The server must make at least the following decisions, none of which are determinable from the request:

| Decision | Option A | Option B | Option C |
|---|---|---|---|
| **Persistence** | Object store (raw bytes + media type) | Document store (JSON tree) | Triple store (RDF graph) |
| **What is stored** | Exact bytes as-is | JSON key-value tree | Expanded RDF triples |
| **Metadata** | Byte size, checksum | JSON Schema, tree depth | Triple count, named graph IRIs |
| **Valid constraints** | Max-size, allowed media types | JSON Schema, required keys | SHACL shapes, OWL consistency |
| **PATCH semantics** | Byte-range / full replace | JSON Patch, JSON Merge Patch | SPARQL Update, RDF Patch |
| **Content negotiation** | Not applicable — always returns stored bytes | May serve YAML, TOML, CBOR | May serve Turtle, N-Quads, RDF/XML |
| **Query interface** | None | JSON path / document queries | SPARQL |

Each combination is architecturally coherent and RFC-conformant. The server is forced to pick one implicitly. The choice is never communicated to the client. The client has no way to express a preference.

### Downstream failures

These silent choices produce real, hard-to-diagnose failures:

- A client stores the document against Option A (byte-literal) and later issues a SPARQL query. The query returns nothing — not because the data is absent, but because no RDF graph was ever stored. No error is raised.
- A client issues a JSON Patch against a server that chose Option C (RDF graph). The server must either reject it without an actionable explanation, or — worse — misapply it to the stored JSON-LD bytes, silently corrupting the dataset's serialized form.
- A client migrates the resource from an Option B server (JSON tree) to an Option C server (RDF graph). On the former, `"@context"` was an inert JSON key. On the latter it becomes a live semantic expansion link, fundamentally altering the meaning of every other statement in the document. No error is raised. The abstract state has changed silently during migration.

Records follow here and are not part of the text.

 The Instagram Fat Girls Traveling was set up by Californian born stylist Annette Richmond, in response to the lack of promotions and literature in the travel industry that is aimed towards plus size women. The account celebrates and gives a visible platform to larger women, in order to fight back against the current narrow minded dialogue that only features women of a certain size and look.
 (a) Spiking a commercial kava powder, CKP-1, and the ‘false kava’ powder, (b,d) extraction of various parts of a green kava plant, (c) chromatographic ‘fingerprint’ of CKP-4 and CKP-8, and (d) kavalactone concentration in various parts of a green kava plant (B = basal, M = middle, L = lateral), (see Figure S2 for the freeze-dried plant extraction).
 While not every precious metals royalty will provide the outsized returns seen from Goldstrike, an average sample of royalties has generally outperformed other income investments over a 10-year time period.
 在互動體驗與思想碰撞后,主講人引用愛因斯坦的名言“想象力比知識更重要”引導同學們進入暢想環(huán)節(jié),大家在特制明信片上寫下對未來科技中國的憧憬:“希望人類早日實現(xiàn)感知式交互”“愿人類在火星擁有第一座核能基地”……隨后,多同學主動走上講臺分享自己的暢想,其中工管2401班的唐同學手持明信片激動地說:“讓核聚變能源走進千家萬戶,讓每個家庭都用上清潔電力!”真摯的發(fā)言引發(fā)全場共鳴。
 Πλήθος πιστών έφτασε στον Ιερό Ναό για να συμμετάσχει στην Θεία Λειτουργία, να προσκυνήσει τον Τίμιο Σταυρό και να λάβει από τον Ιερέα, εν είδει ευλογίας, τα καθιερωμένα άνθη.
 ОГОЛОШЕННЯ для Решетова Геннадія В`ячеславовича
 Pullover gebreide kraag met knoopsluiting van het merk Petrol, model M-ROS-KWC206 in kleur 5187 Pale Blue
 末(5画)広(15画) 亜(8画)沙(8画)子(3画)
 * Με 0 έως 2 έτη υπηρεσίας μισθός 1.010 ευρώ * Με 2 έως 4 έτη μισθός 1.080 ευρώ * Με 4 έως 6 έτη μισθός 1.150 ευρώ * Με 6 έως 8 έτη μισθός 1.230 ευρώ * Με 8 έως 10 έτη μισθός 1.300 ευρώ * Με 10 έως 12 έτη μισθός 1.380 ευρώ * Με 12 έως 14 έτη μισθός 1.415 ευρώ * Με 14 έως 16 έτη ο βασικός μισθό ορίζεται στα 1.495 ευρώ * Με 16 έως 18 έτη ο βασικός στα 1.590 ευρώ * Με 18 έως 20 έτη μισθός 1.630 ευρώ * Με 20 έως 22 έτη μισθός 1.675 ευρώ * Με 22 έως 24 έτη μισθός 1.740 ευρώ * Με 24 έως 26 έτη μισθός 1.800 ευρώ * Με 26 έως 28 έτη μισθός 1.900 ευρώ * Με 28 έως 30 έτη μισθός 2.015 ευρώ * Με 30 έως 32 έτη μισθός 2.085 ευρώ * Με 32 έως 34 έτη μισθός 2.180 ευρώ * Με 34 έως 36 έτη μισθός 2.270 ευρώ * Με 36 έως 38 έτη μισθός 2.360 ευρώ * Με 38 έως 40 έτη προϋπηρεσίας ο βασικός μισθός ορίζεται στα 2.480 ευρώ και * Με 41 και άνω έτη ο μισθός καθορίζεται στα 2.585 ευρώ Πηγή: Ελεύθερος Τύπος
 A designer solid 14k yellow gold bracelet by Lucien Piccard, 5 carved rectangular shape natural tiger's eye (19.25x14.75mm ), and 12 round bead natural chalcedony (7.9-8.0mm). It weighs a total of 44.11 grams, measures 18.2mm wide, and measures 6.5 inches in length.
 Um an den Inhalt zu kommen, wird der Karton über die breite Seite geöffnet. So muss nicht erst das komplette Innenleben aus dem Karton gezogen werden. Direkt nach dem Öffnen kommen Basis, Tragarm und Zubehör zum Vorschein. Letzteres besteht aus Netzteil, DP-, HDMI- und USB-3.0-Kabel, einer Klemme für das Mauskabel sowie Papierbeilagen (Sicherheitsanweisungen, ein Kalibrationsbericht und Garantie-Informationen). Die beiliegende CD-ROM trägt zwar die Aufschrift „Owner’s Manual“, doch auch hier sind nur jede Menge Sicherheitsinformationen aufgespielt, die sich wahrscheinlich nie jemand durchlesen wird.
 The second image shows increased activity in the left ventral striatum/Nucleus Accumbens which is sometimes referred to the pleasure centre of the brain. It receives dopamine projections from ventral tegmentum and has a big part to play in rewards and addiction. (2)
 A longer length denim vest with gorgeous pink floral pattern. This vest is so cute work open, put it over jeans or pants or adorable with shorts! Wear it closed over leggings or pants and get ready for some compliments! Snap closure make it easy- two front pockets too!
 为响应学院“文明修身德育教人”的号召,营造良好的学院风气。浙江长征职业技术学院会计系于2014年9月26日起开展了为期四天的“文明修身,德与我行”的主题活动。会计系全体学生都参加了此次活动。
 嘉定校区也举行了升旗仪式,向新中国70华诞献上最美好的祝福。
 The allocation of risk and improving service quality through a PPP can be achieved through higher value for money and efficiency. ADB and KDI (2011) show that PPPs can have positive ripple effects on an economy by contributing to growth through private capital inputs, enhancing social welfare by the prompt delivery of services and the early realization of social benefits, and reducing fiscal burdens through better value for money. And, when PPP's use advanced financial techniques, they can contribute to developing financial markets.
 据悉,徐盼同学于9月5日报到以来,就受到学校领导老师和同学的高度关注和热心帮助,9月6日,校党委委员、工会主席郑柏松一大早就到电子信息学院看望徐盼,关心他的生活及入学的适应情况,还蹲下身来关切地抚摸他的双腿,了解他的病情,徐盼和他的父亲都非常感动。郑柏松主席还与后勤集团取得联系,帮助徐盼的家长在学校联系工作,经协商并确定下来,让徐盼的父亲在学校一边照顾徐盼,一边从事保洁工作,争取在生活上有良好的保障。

> **These are not implementation bugs. They are the predictable consequence of an absent architectural mechanism. No amount of implementation discipline or documentation can compensate.**

---

## Why this is particularly acute for general LWS storage servers

A pre-configured, domain-specific server can paper over this gap. If a server is deployed exclusively to store FOAF profiles as RDF datasets, the operator hard-codes the model. The client and server share out-of-band knowledge, and the gap is never exposed.

A **general LWS storage server** has no such luxury. It must host arbitrary resources whose information models are declared at resource-creation time by clients the server has never seen. Without a mechanism to record and enforce the intended model:

- The server cannot know whether `application/ld+json` bytes should be stored as a JSON document, an RDF graph, or a byte sequence — and cannot make a choice that is correct for all clients.
- Two applications sharing the same storage may silently hold different assumptions about the same resource, producing inconsistent behaviour across reads, writes, and migrations.
- The server cannot expose a principled, resource-specific operation surface (which patch mechanisms are valid? which query interface applies?) because it does not know the resource's information model.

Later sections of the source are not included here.